Изменить стиль страницы

— Трубы далеко?

— Да нет, какой далеко? Рядом.

— Садитесь, — сказал Геннадий.

Подошел Дронов, стукнул ногой по баллону.

— Скат у тебя хреновый.

— Иди, иди, — не выдержал старик. — Иди, ради господа бога!

— Сдурел, что ли? — сказал Геннадий Дронову.

— Блаженных не уважаю, — буркнул Дронов.

Геннадий быстро управился с трубами и поехал обратно. Начинало темнеть. У поворота на зимник из-под обрыва валил густой дым. «Старые баллоны жгут, — подумал он. — Только почему так далеко?» И вдруг увидел: внизу горела машина…

18

Следствие шло всего третий день, а Геннадию казалось — год. Он сидел на жестком диване, смотрел на следователя и думал:

Интересно, как он ведет себя дома? Вот, скажем, пришла жена с рынка, купила мясо. Почем? У кого брала? Рябая тетка продавала? В синем платке? Знаю, как же. Штрафовал ее в прошлом году. Сны ему, должно быть, тоже снятся нехорошие, тягучие, с матерщиной…
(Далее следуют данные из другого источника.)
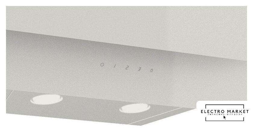 конструкция купольная, монтаж настенный, ширина 59.7 см, управление слайдерное, производительность мотора 650 м³/ч, цвет бежевый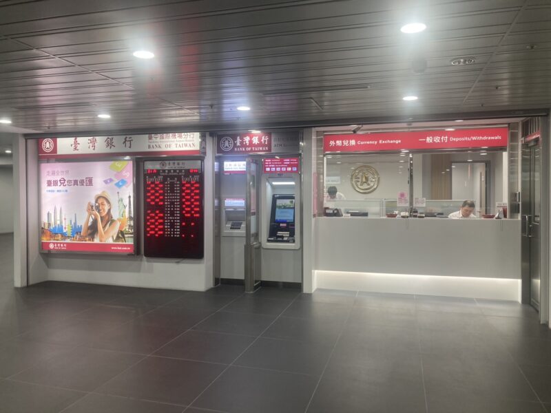 空港に到着したらまず済ませておきたいのが「両替」ですよね。台中空港の両替所は国際線到着口からすぐの場所にありました。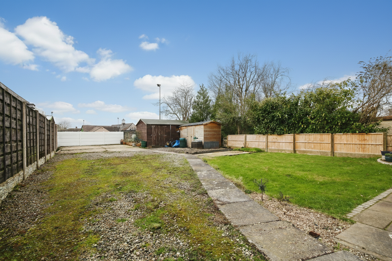 Externally, the property enjoys a particularly generous south-westerly plot, allowing sunlight to pour across the garden throughout the afternoon and evening. The outdoor space offers excellent scope for landscaping, presenting an exciting blank canvas to create a superb family garden or entertaining area. A large driveway provides ample off-road parking, while two substantial storage sheds offer practical solutions for hobbies, tools, or additional storage.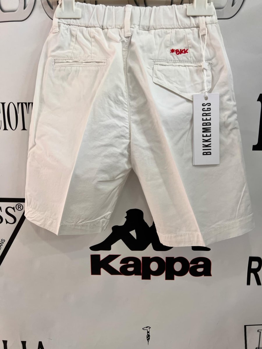 BIKKEMBERGS BERMUDA BIKKEMBERGS BERMUDA chiusura con zip e bottone, vita elastica. logo. tasche taglia: 4 anni alla 16 anni Composizione: cotone ed elastico Colore: bianco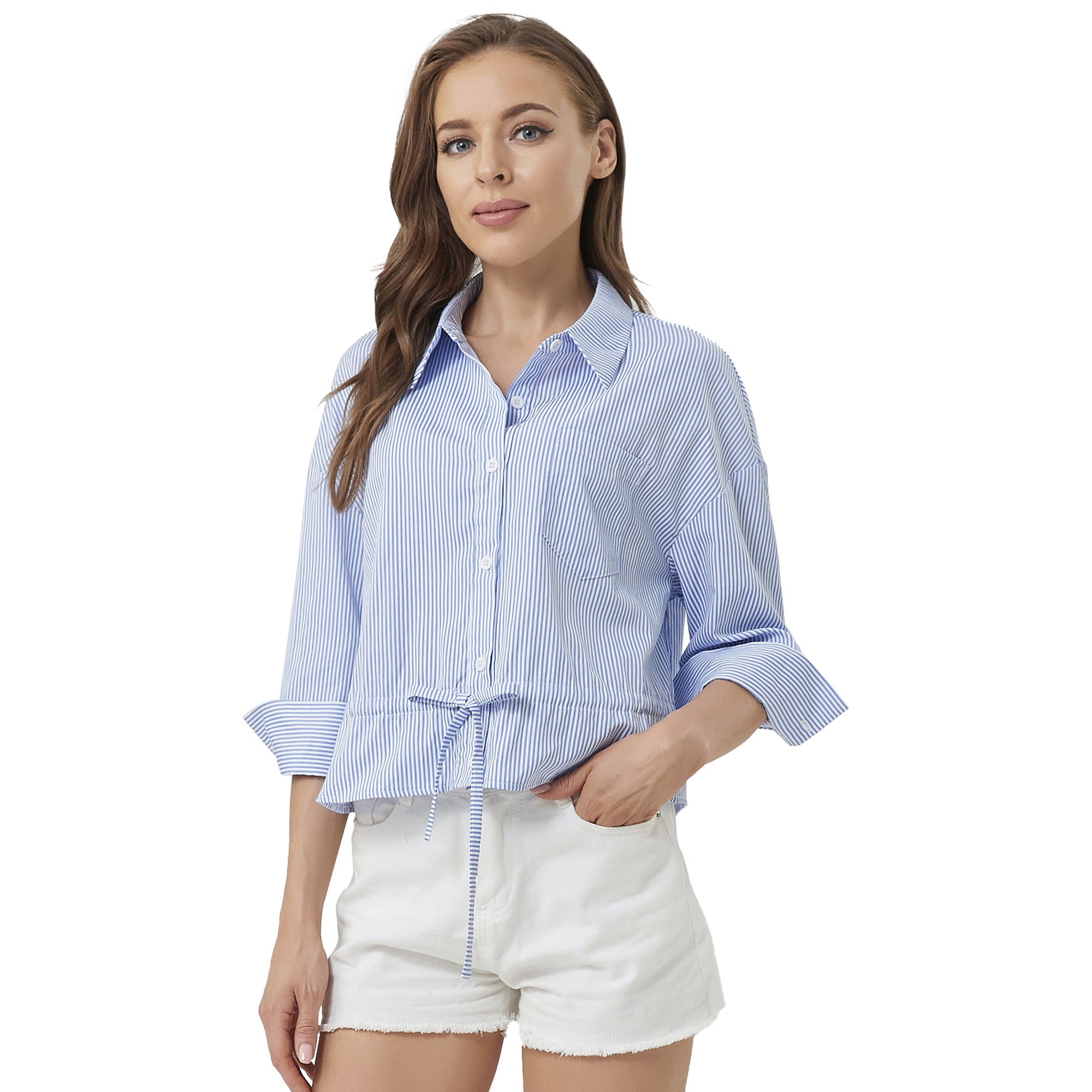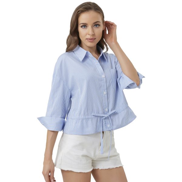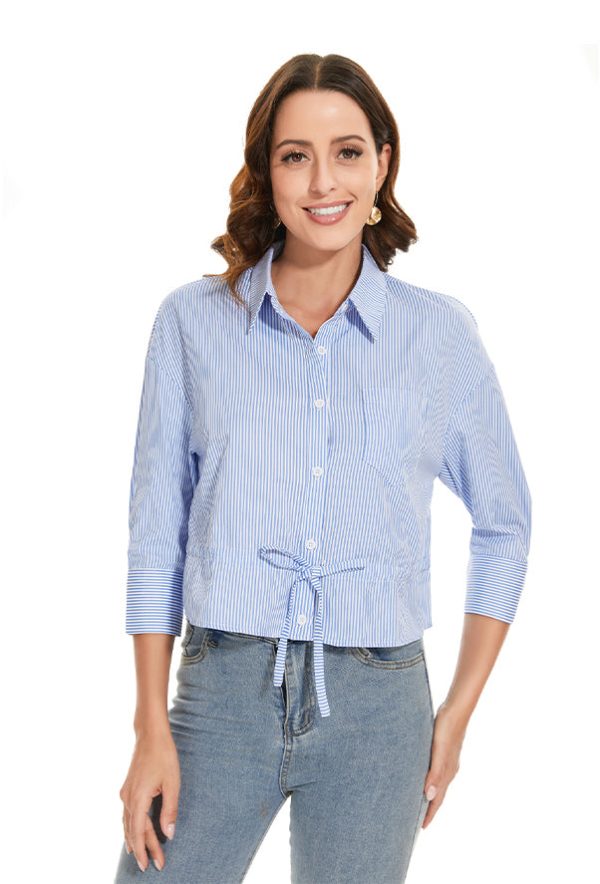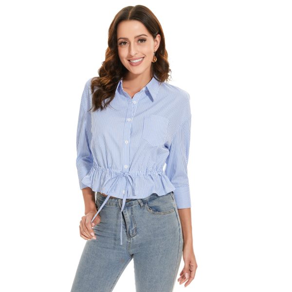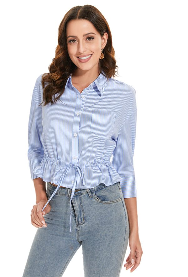 Women’s Striped 3/4 Sleeve Button Down Shirts with Drawstring Waist in Blue

— Ну что, Русанов, так вот и будем в кошки-мышки играть?

— Мне повторить еще раз?

— Нет, повторять не надо, я твои сказки на память выучил, Шофер ты грамотный, неужели не понимаешь — экспертиза против тебя, инспектор Самохин — человек опытный, его не проведешь. Следы на левой стороне дороги твои, вмятина на крыле свежая, водку ты пил на прорабстве. Ну? Разве не так?

— Не пил я ничего.

— Как же не пил, когда пил? Самохин сам видел.

— Не мог он видеть.

— Мог, раз говорит. Зашел ты с приятелем в магазин, взял бутылку вина и выпил прямо у прилавка. Было? Самохин не знал, что ты шофером работаешь, не пригляделся еще, зато он тебя по другим делам хорошо помнит. И я помню. Вот ведь как.
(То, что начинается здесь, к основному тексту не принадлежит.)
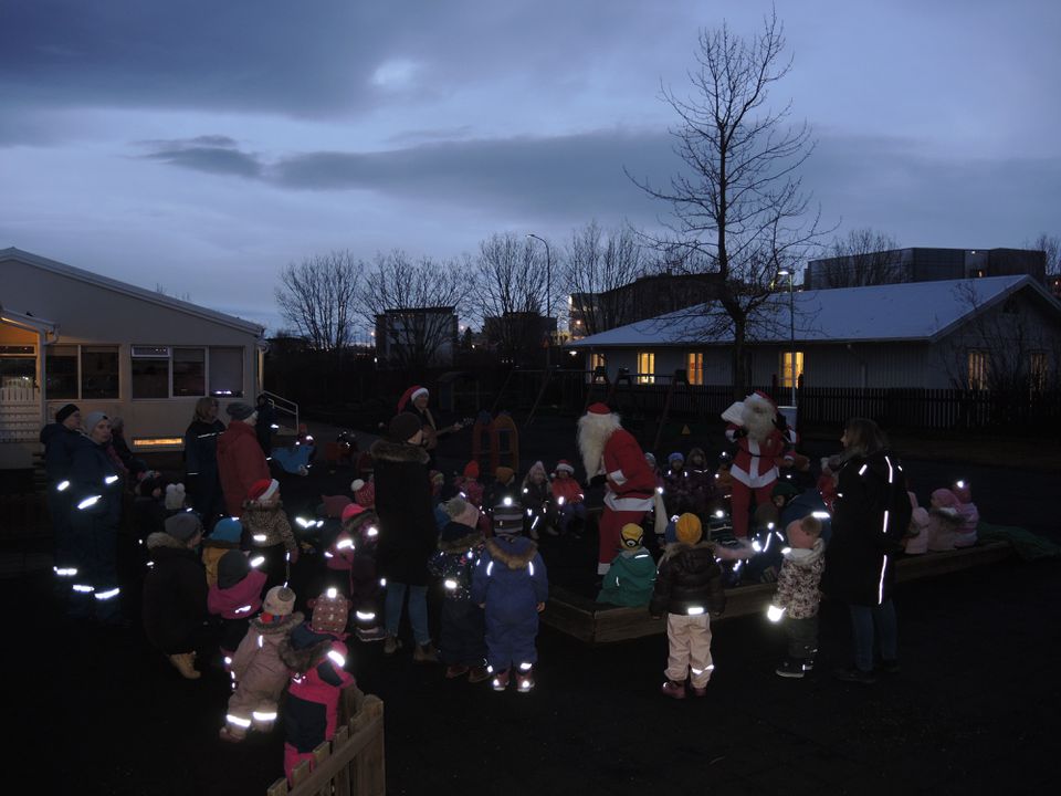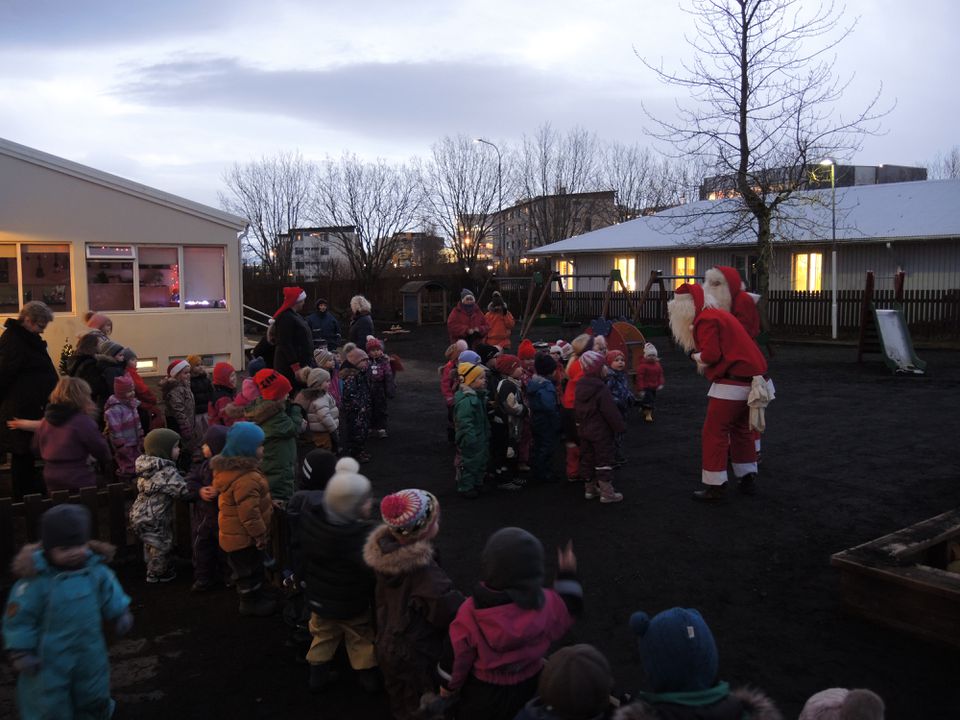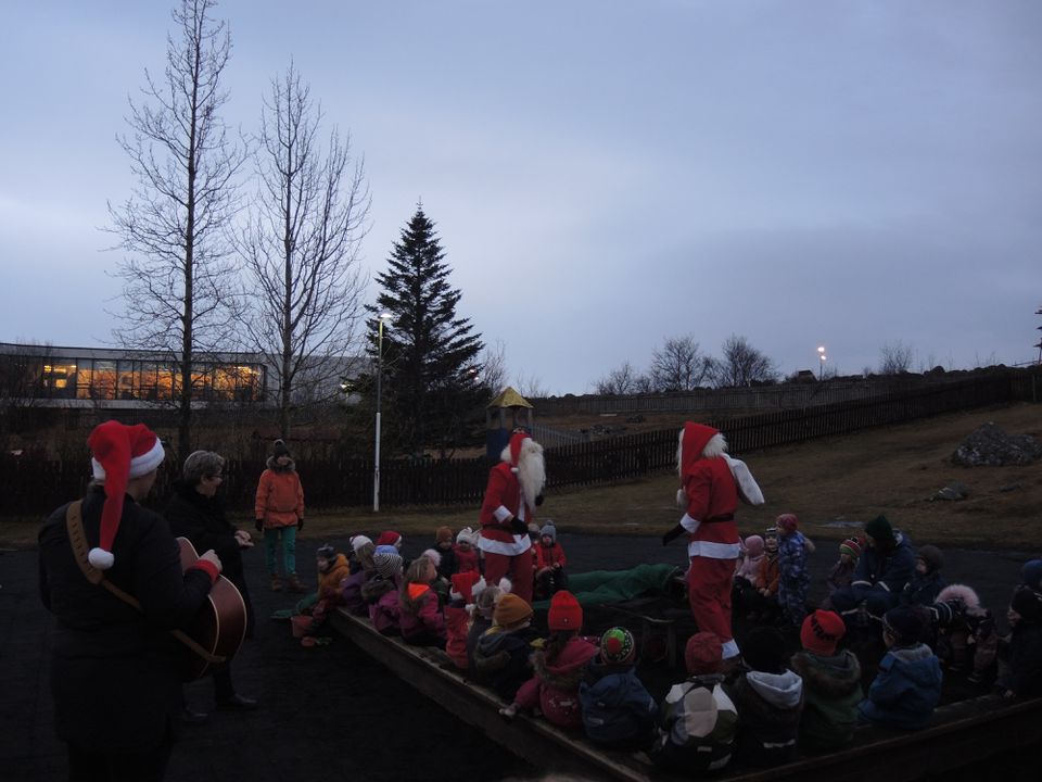 Föstudaginn 11. desember fengum við skemmtilega heimsókn frá þessum kátu sveinum. Þeir sungu með okkkur nokkur lög og svo var gengið í kringum sandkassann. Allir kátir og glaðir! Í síðustu viku fengum við svo til okkar brúðuleiksýninguna Pönnukakan hennar Grýlu, en það er hann Bernd sem er listamaðurinn á bakið við þessa frábæru sýningu.

Геннадий молчал. Он смотрел, как следователь точит карандаши: зачинит, поставит в стакан, полюбуется и берет другой. Ты меня помнишь. Еще бы! Приходил в больницу тихий такой, просительный, в белом халате. Говорить тебе со мной громко не разрешали. Куда девались Рябой и Японец? А кто их знает, куда они девались. Пропали. В воду канули… Геннадию тогда было даже немного жаль следователя — трудится человек, трудится, и все без толку. Еще неприятности по работе будут.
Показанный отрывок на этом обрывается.